Fix for removing long words

2024-09-21 21:52:13 +01:00 · 2024-09-21 21:52:13 +01:00 · bdc52a1fce
parent 29d4f68fd5
commit bdc52a1fce
2 changed files with 75 additions and 0 deletions
--- a/content.py
+++ b/content.py
@ -1088,6 +1088,16 @@ def remove_long_words(content: str, max_word_length: int,
    if is_pgp_encrypted(content) or contains_pgp_public_key(content):
        return content
    content = replace_content_duplicates(content)
+
+    non_html_list = False
+    if '\n\n' in content and '<p>' not in content:
+        content = '<p>' + content.replace('\n\n', '</p> <p>') + '</p>'
+        non_html_list = True
+    non_html_list2 = False
+    if '\n' in content and '<p>' not in content:
+        content = '<p>' + content.replace('\n', '</p> <p>') + '</p>'
+        non_html_list2 = True
+
    if ' ' not in content and '</p><p>' not in content:
        # handle a single very long string with no spaces
        content_str = content.replace('<p>', '').replace(r'<\p>', '')
@ -1166,6 +1176,16 @@ def remove_long_words(content: str, max_word_length: int,
        if not content.endswith('</p>'):
            content = content.strip() + '</p>'
    content = content.replace('<p> </p>', '<p></p>')
+    if non_html_list:
+        content = content.replace('</p> <p>', '\n\n')
+        content = content.replace('<p>', '')
+        content = content.replace('</p>', '')
+    if non_html_list2:
+        content = content.replace('</p> <p>', '\n')
+        content = content.replace('<p>', '')
+        content = content.replace('</p>', '')
+    content = content.replace('</p> <p>', '</p><p>')
+
    return content


--- a/tests.py
+++ b/tests.py
@ -8855,6 +8855,61 @@ def _test_uninvert2():

 def _test_check_individual_post_content():
    print('check_individual_post_content')
+
+    content = "Unenshitification?\n\n" + \
+        "Counter-enshitification?\n\n" + \
+        "Anti-enshitification?"
+    content2 = remove_style_within_html(content)
+    if content2 != content:
+        print(content)
+        print(content2)
+    assert content2 == content
+
+    content3 = remove_long_words(content, 40, [])
+    if content3 != content:
+        print(content)
+        print(content3)
+    assert content3 == content
+
+    content4 = remove_text_formatting(content, False)

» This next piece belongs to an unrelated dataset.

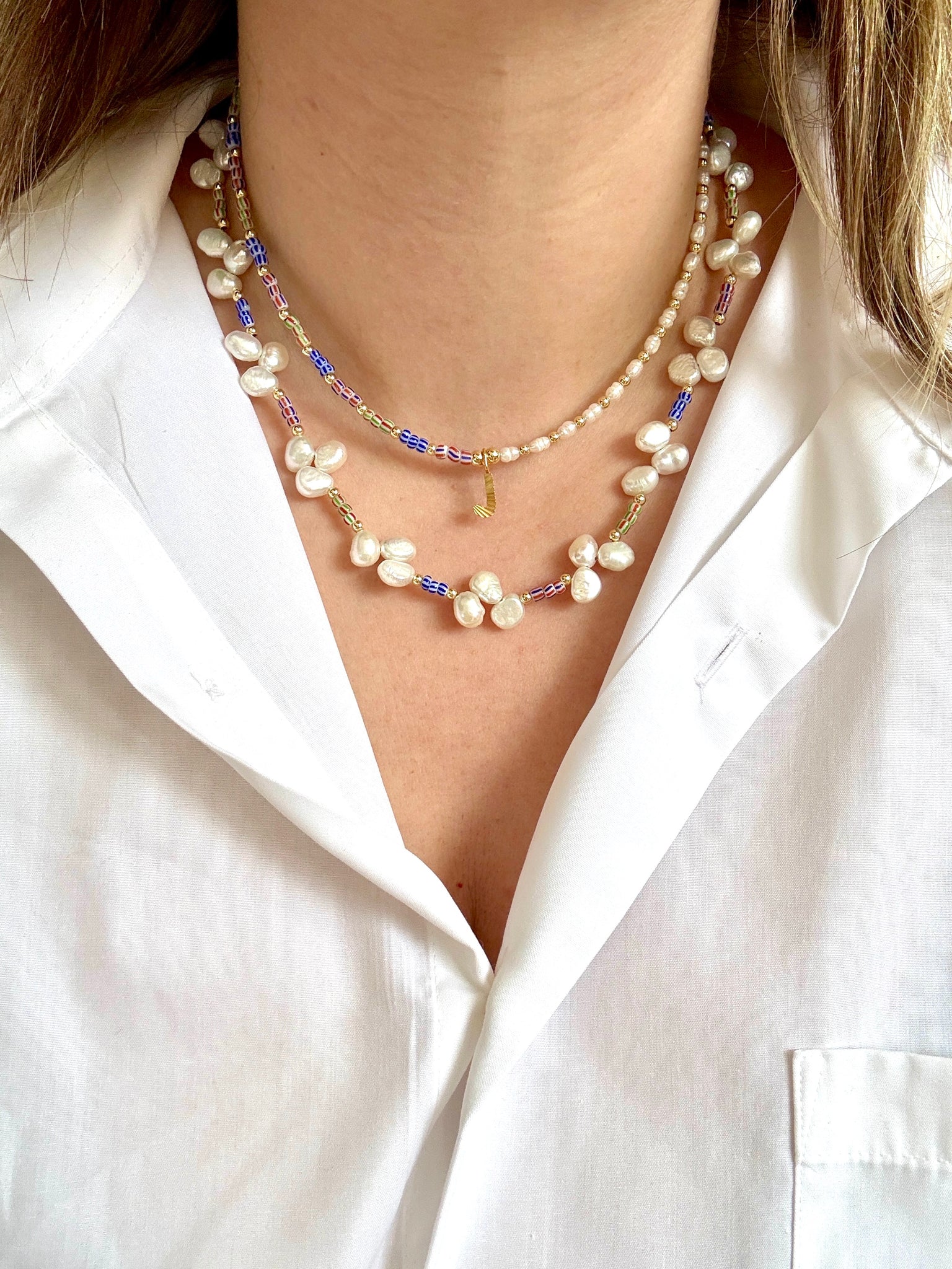 The Mariner Collar Necklace blends colorful maritime-inspired stripes with luminous freshwater pearls, making it a versatile piece that works equally well with everyday outfits or layered styling. Wear it on its own for a statement collar or pair it with the Mariner Initial Necklace for a personalized layered look.

+    if content4 != content:
+        print(content)
+        print(content4)
+    assert content4 == content
+
+    content5 = limit_repeated_words(content, 6)

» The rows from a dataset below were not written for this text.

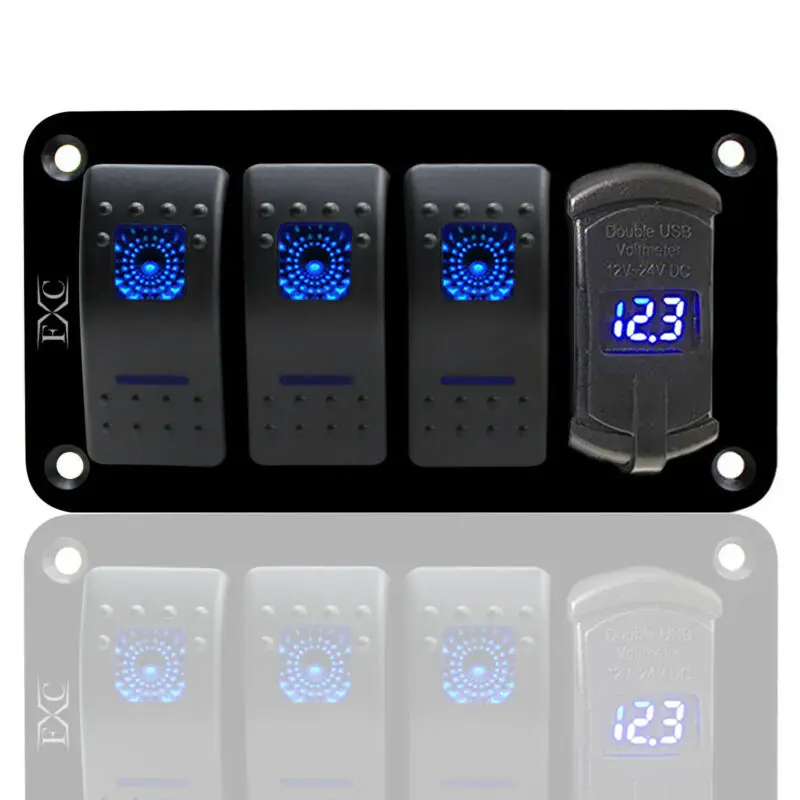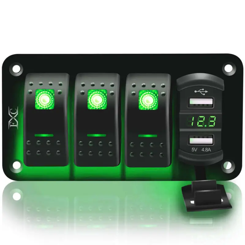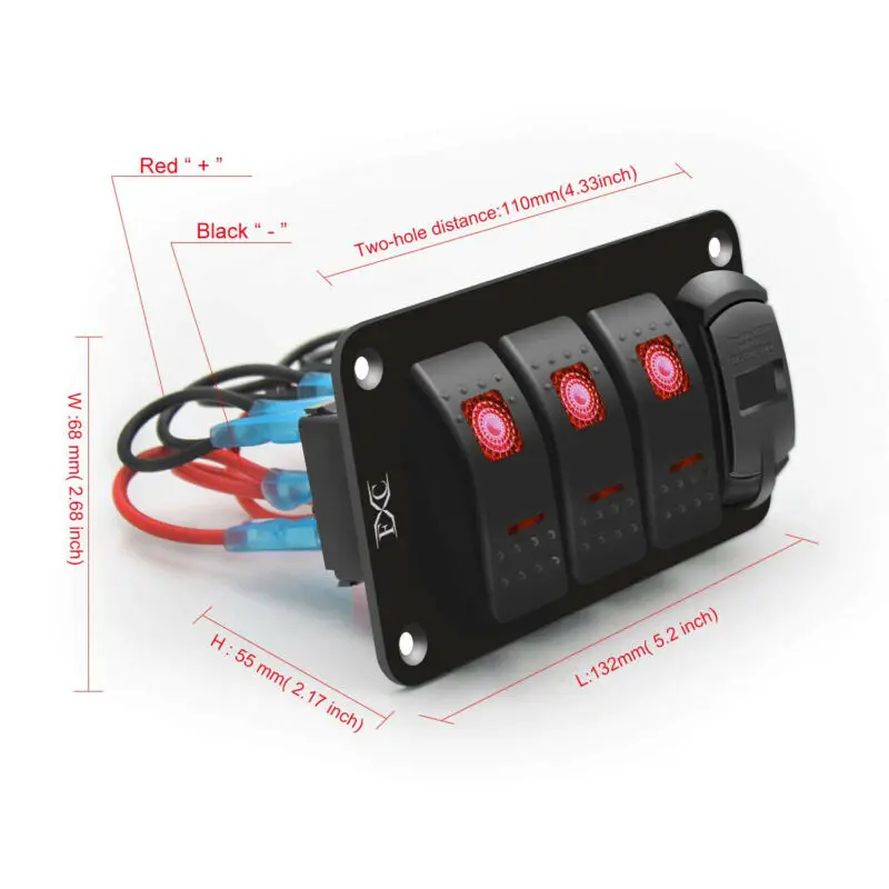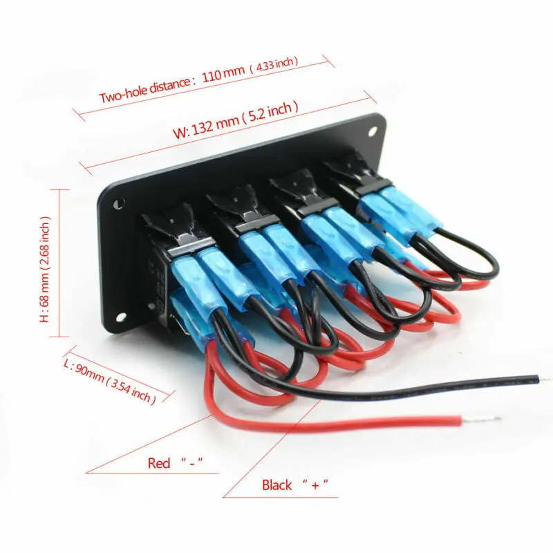 4 панели клавишных переключателей: эти переключатели являются новым дизайном для повышения долговечности. Эти переключатели рассчитаны на 10000 циклов включения и выключения без сбоя. Защита от брызг лица панели, шапка сопротивление воды и анти-просеивания резиновое кольцо. Синий светодиодный светильник, водонепроницаемая панель.
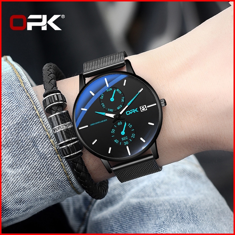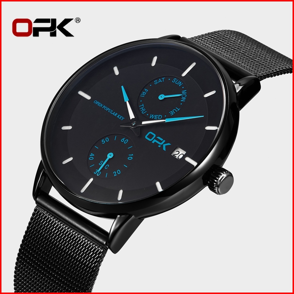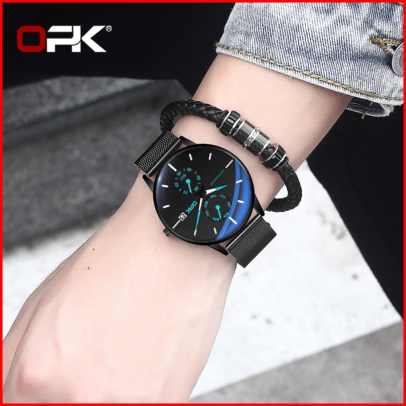 Opk Jam Tangan Pria Anti Air Original 100 Tipis Fashion Aesthetic Hitam Arloji Pria Quartz Watch Men 8116
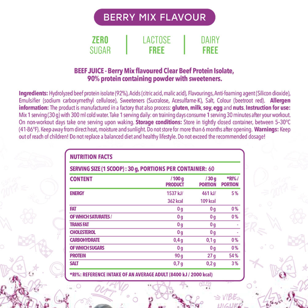 Clear Beef Protein Isolate Beef Juice iese în evidență nu doar pentru că oferă un izolat de proteină din carne de vită hidrolizată de înaltă calitate, cu un conținut impresionant de

+    if content5 != content:
+        print(content)
+        print(content5)
+    assert content5 == content
+
+    content = "Unenshitification?\n" + \
+        "Counter-enshitification?\n" + \
+        "Anti-enshitification?"
+    content2 = remove_style_within_html(content)
+    if content2 != content:
+        print(content)
+        print(content2)
+    assert content2 == content
+
+    content3 = remove_long_words(content, 40, [])

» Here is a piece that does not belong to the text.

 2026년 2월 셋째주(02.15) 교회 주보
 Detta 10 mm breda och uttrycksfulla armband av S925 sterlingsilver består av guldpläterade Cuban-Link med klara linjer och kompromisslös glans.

+    if content3 != content:
+        print(content)
+        print(content3)
+    assert content3 == content
+
+    content4 = remove_text_formatting(content, False)
+    if content4 != content:
+        print(content)
+        print(content4)
+    assert content4 == content
+
+    content5 = limit_repeated_words(content, 6)
+    if content5 != content:
+        print(content)
+        print(content5)
+    assert content5 == content
+
    content = "<p>Unenshitification?</p><p></p><p>" + \
        "Counter-enshitification?</p><p></p>" + \
        "<p>Anti-enshitification?</p><p></p><p>Nonshitification?</p>"